Tuesday, February 26, 2008

How do you store your seeds?

How you save your seeds is supposed to be tremendously important - temperature, humidity, and light all affect whether seeds sprout, die, or stay safely dormant. People have schemes of varying elaborateness to store their seeds - from envelopes in the closet to carefully mixed silicon crystals, sealed jars, and temperature controlled fridges.

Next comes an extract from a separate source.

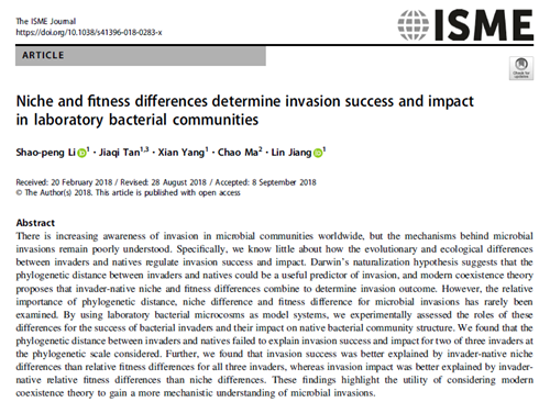 本网讯 9月25日,《ISME Journal》(5年平均影响因子11.663)在线发表了安徽农业大学农田生态保育与污染防控安徽省重点实验室、佐治亚理工学院等单位合作研究成果,论文题目为《Niche and fitness differences determine invasion success and impact in laboratory bacterial communities》。佐治亚理工学院黎绍鹏、谈家祺为共同第一作者,我校马超博士和佐治亚理工学院蒋林教授为共同通讯作者。

Today, Norway opened the ultimate seed bank near the north pole. If your seed vault doesn't look like this, you're doing it wrong:As soon as I heard about this, I immediately envisioned my dream job: alone, in the Arctic, with high speed internet and the responsibility to thaw out and replant seeds as they became at risk of going dormant. I mean, how fun would that be? (There would need to be free coffee. But it's Norway - isn't that one of those worker's rights things those Scandinavian countries spring for, along with 36-hour work weeks and months of maternity leave?) Unfortunately, there will be no staff on-site, so my dreams of being the next Gregor Mendel - Mr. Freeze hybrid will have to wait.
The seed bank isn't open to the public; it's intended to be a last resort in case plague or fire or floods threaten our food sources. I think the logistics of this scenario need work, since there cannot possibly be enough of every kind of seed to renew world resources. But I'm sure they have a really good plan - after all, these are scientists we're talking about, right?